Where we started from
First, let’s talk about our old deploy system. We inherited this from the old uberVU days, where we only had enterprise customers with pretty regular usage patterns. Thanks to this, we had different scaling needs and a limited set of requirements. To accommodate deploys, we had a simpler process based on fabric. There was a known list of web servers and on every one of them we’d run a set of commands that would basically fetch the latest code available and restart the servers. Everything was integrated with GitHub, so a push to the staging or master branch would trigger the respective deploy and so on. This is the simplified version of events but the main idea is that we rolled the latest code out to all the servers.

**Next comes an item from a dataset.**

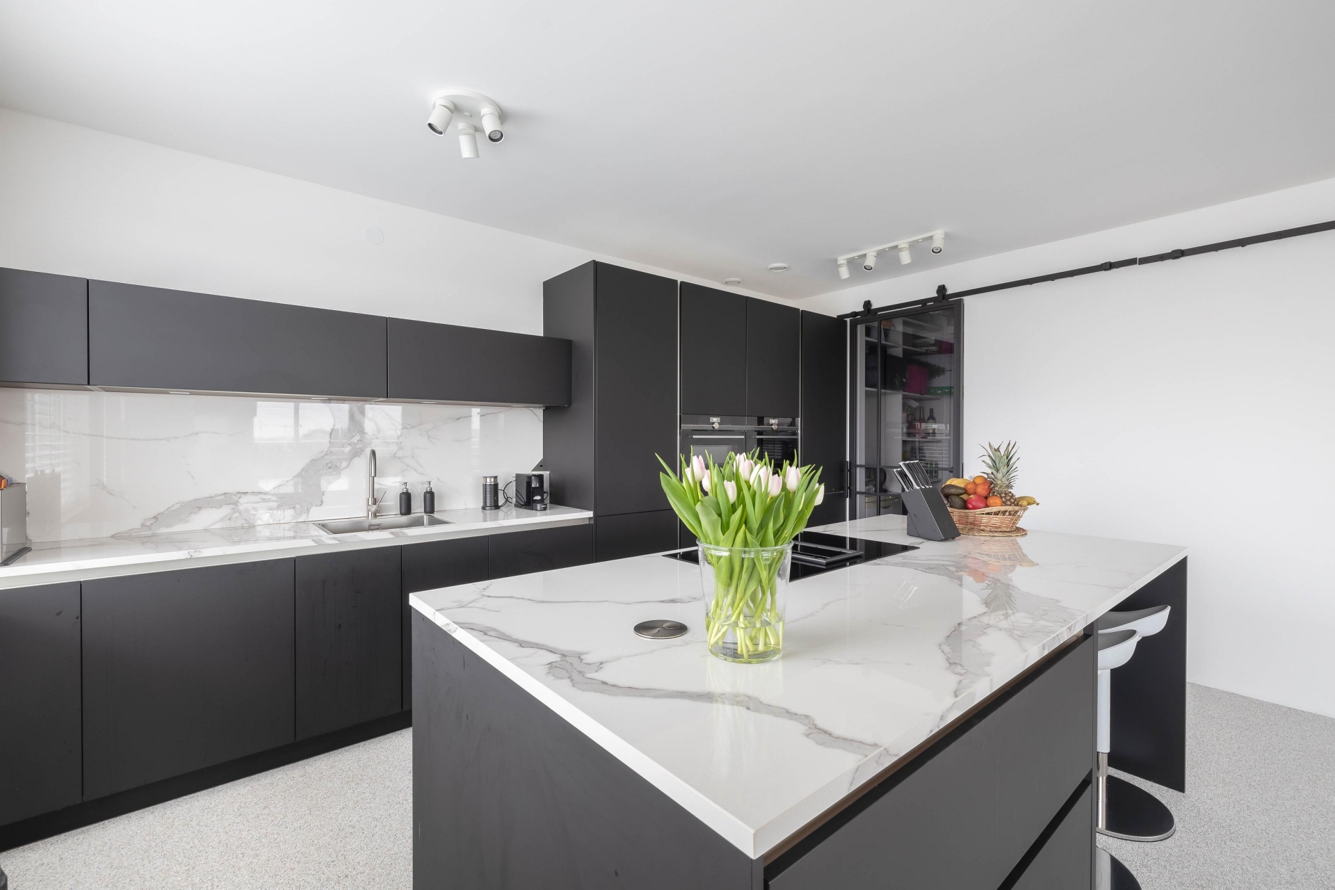 Aangekomen bij het appartement is het lichtinval en het uitzicht vanuit de woonkamer en woonkeuken een ware eyecatcher. De mat zwarte keuken met kookeiland is voorzien van alle benodigde inbouwapparatuur en beschikt over een sfeervol barretje. Vanuit de keuken is er nog een handige bijkeuken toegankelijk, waar zich ook de aansluiting voor de wasmachine bevindt. Vanuit de hal is er toegang tot de overige vertrekken, zoals 2 slaapkamers, een luxe badkamer en separaat het toilet. Beide slaapkamers beschikken over een vaste kastenwand die tal van ruimte biedt. De inpandige badkamer is voorzien van een inloopdouche, een dubbele wastafel met meubel en een spiegel met verlichting.

This approach clearly has drawbacks. First of all, requests might be dropped, so we had to be careful when deploying. Adding a new server (to cope with a traffic spike for example) would require updating config files. An emergency revert to the previous state was pretty tedious (we did keep the older versions of the code on the servers in order to do this via a symlink, but it still required some work), and so on.
Where we’re going
To be able to eventually scale Hootsuite Analytics to the millions of Hootsuite customers we needed a better solution. We came up with a list of requirements:
- builds should be reproducible – no surprises between local and staging/production
- improved scalability
- deploying code in production should be as safe as possible – it would be great to first test the new version on a small set of customers
- emergency reverts should be easy
- we should catch as many errors as possible before deploying to customers
Looking at available approaches, we decided to go for Blue-Green deployment. The core idea is that there are two instances of the production environment – the current, working one (called “blue”) and the one being deployed (called “green”). The blue environment serves most of the customers , and a few of them are directed to the green one following deployment. If all our system health checks look good, we scale up the green environment and we turn off blue. Otherwise, green is destroyed and everything starts over. After we turn off blue, it is not immediately destroyed in case of an uncaught error. Keeping the blue environment around until we’re certain the new changes did not introduce any bugs makes it easy to revert back to the working state by simply re-activating it.
The main pieces of technology we decided to use to put our plan in motion are the following:
- Docker – for stateless, reproducible builds together with docker-compose for providing the needed services such as databases when developing
- Jenkins – for implementing and orchestrating all the jobs
- Asgard – for creating clusters and handling ELBs
- ELB Sticky Sessions – for making sure our customers don’t get randomly routed between blue and green
- Hubot – for making it easy for developers to trigger deploys
In a nutshell, we build a Docker container that has all the code within it, we package everything as an AMI and then we spawn machines using it. Let’s see how we achieve this, step by step.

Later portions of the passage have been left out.